Par ailleurs, dans le cas de la dyade d’intervenantes associée à l’élève D, l’enseignante K souligne « (…) ce n’est pas (TES H) le boss nécessairement, mais elle est une aide et elle a une certaine autorité, mais l'autorité, celle qui décide des couleurs dans la classe, c'est moi ». Cet extrait soulève à la fois une division des tâches, mais également une certaine hiérarchie qui apparaît caractériser la collaboration entre les TES et les enseignantes. En effet, il ressort dans les discours des trois dyades que l’enseignante représente la figure d’autorité au sein de la classe. Or, en considérant les trois dyades, cette hiérarchie apparente est mise en évidence, soit uniquement à travers le discours de l’enseignante (Enseignante I), soit uniquement à travers le discours de la TES (TES G), ou encore, à travers le discours des deux membres de la dyade (Enseignante K et TES H). Par exemple, alors que

l’enseignante J ne s’exprime pas au regard de son éventuelle position d’autorité au sein de la classe, la TES G énonce : « (…) même si je suis là, la titulaire, c'est (Enseignante J). Donc moi oui auprès des enfants, je veux qu'ils comprennent que c'est (Enseignante J) la prof, l'enseignante ». Dans le même sens, la TES H souligne « Moi, je suis une TES, j'ai des outils, j'ai des connaissances, tout ça, mais je ne peux pas aller contre la vision du prof. Moi ça reste le capitaine à bord ». Les propos de l’enseignante K dégagent effectivement une vision analogue de la hiérarchie exercée dans la classe.
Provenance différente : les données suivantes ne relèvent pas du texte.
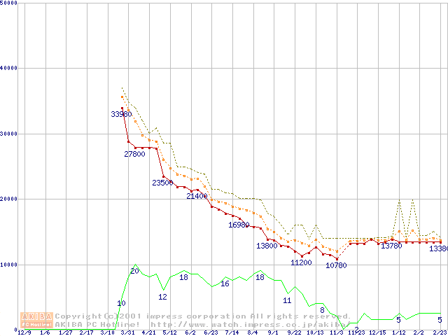 Socket A (Thunderbird,PGA,FSB 200MHz,L2 256KB)の最安値推移
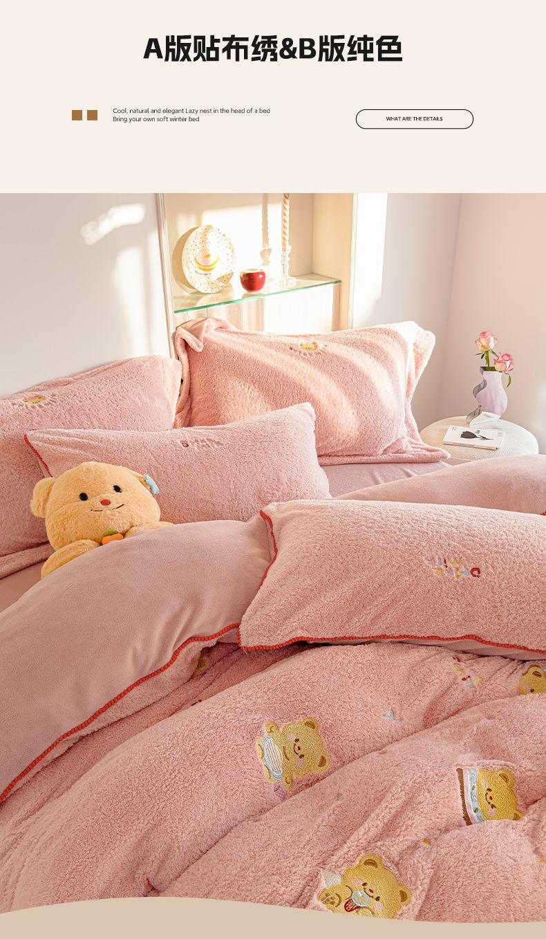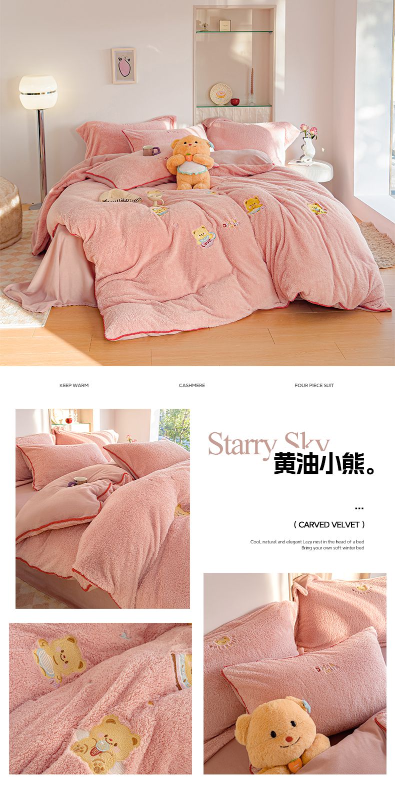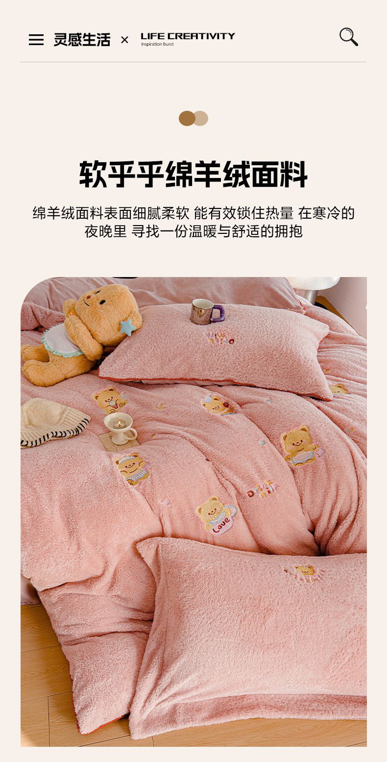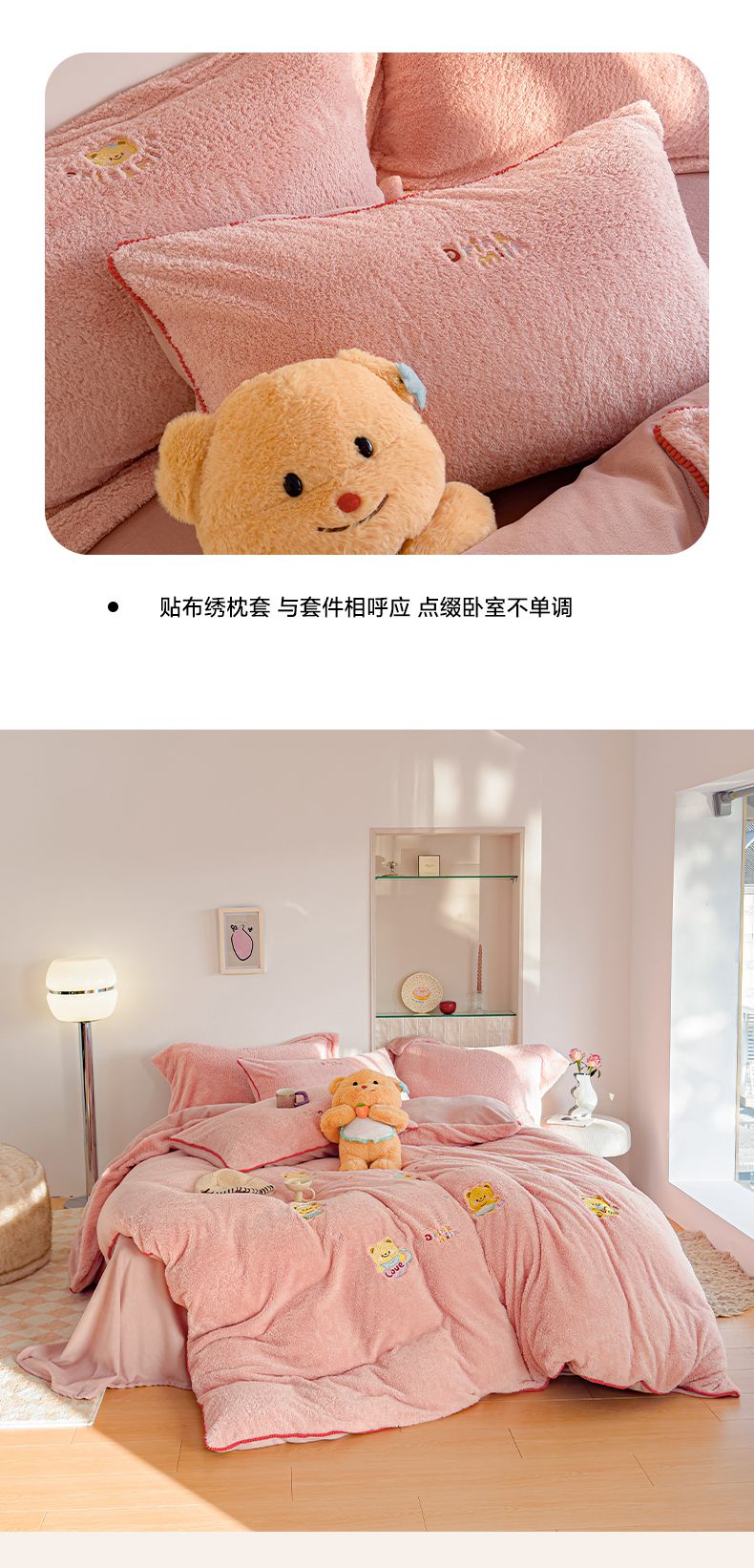 商品名称:秀色家纺 2025新款卡通风可爱少女心绵羊绒牛奶绒四件套加厚保暖秋冬季法兰绒刺绣被套 黄油小熊
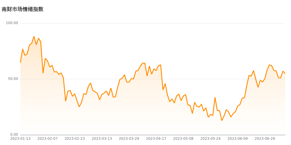 今日南财市场情绪指数为55.0,市场投资热度降低今日南财市场情绪指数为55.0,较前一交易日57.1下跌,市场投资热度降低。
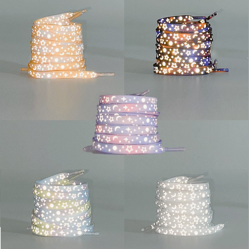 反射 リフレクター 星 グラデーション 靴ひも おしゃれ スニーカー 紐 くつひも 靴紐 かわいい カラフル 発光 光る プレゼント 子供 大人 ハイカットスニーカー

Si la TES G considère l’enseignante comme étant la figure d’autorité à l’intérieur même de la classe, cette dernière apparaît néanmoins s’en remettre à sa collègue pour déterminer la direction que vont prendre la majorité des interventions réalisées dans le cadre du soutien individuel donné aux deux élèves. À cet effet, elle souligne « (…) souvent je vais la questionner parce qu’elle connaît ça plus que moi » (Enseignante J). Précisons d’ailleurs qu’il s’agissait de la première expérience d’intégration d’un élève manifestant un TSA pour cette enseignante de même que sa première expérience de collaboration avec une TES, tel que l’illustre cet extrait : « Parce que moi je l'ai dit au début, je n’en avais jamais eu. Je devais apprendre avec quelqu'un. Elle, elle avait déjà côtoyé ces enfants-là. Elle savait » (Enseignante J). Ainsi, le modèle de collaboration privilégié entre les intervenantes scolaires semble également considérer l’expérience professionnelle préalable des deux membres de la dyade au regard de leurs connaissances respectives des troubles du spectre autistique. Notons que ce modèle de collaboration basé sur l’expérience est moins apparent au sein des autres dyades de l’étude; les membres constituant ces dernières ayant antérieurement déjà fait l’expérience d’intégration d’élèves manifestant un TSA.